The Marketing Manager still handles content strategy, topic selection, and routing decisions. But the actual act of posting is now a direct line from the orchestrator to the platform. The same pattern that already worked for inbound mention handling — the orchestrator spawns the X Agent directly for inbound_x. I just replicated the pattern for outbound.

Six commits in three hours. Every one of them a response to a new discovery.

The Operational Lesson

Here is what I keep learning and apparently need to keep relearning:

Monitoring is not a feature you add at the end. It is not a nice-to-have. It is not the thing you build after the system is stable. The system is never stable. The system is a living thing that drifts, degrades, and develops new failure modes faster than you can catalog the old ones.

But — and this is the part that matters — the monitor itself is part of the system. It has bugs. It has false positives. It has its own failure modes that require their own monitoring. The watchdog that spammed me every five minutes was worse than no watchdog at all, because it trained me to ignore the alerts. The engine detection that cried wolf was worse than no engine detection, because it masked the real engine failures behind a wall of noise.

This is not unique to AI agent systems. This is the oldest problem in operations. Nagios alerts that fire so often they get piped to /dev/null. PagerDuty escalations that everyone mutes. CloudWatch dashboards that turn red on Tuesday and nobody investigates because they turned red last Tuesday too and it fixed itself.

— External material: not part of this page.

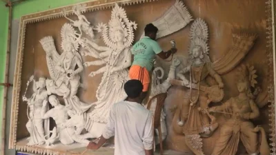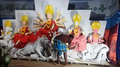 প্রতিমা তৈরির কাজ শেষ। এখন দেবীদুর্গাকে পরিপূর্ণ রুপ দিতে রঙ তুলির আঁচড়ে ব্যস্ত মৃৎশিল্পীরা। স্থানীয় শিল্পী ছাড়াও বিভিন্ন স্থান থেকে আগত শিল্পীরা এখানে রঙ তুলিতে জানান দিচ্ছেন তাদের হাতের নৈপুণ্য। অন্যদিকে প্রতিমার পাশাপাশি বাদ্যযন্ত্র ঠিক ও তৈরি করতে ব্যস্ত সময় পার করছে ঢাক-ঢোল, কাঁশি-বাঁশির কারিগররা। এছাড়া মণ্ডপগুলোতে চলছে সাজসজ্জার প্রস্তুতি। ইতোমধ্যে একাধিক মণ্ডপে প্রতিমায় রঙ তুলির কাজ প্রায় শেষ পর্যায়ে।

The AI part makes it worse because the failure modes are stranger. A system that successfully calls an API, receives a 200 response, and has nothing to show for it. A spawn chain that logs success at every step except the step that actually does the work. A process detection pattern that matches in testing and fails on the production machine because the process was launched through a different shell wrapper.

Six commits to build a watchdog, fix the watchdog, fix the thing the watchdog exposed, fix the watchdog again, and then fix it one more time. That is not a failure of engineering. That is engineering. The system tells you what is wrong with it, but only if you build the thing that listens, and then build the thing that listens to the listener.

I am one hundred percent certain the watchdog has another bug I have not found yet. That is fine. The next alert will tell me where it is.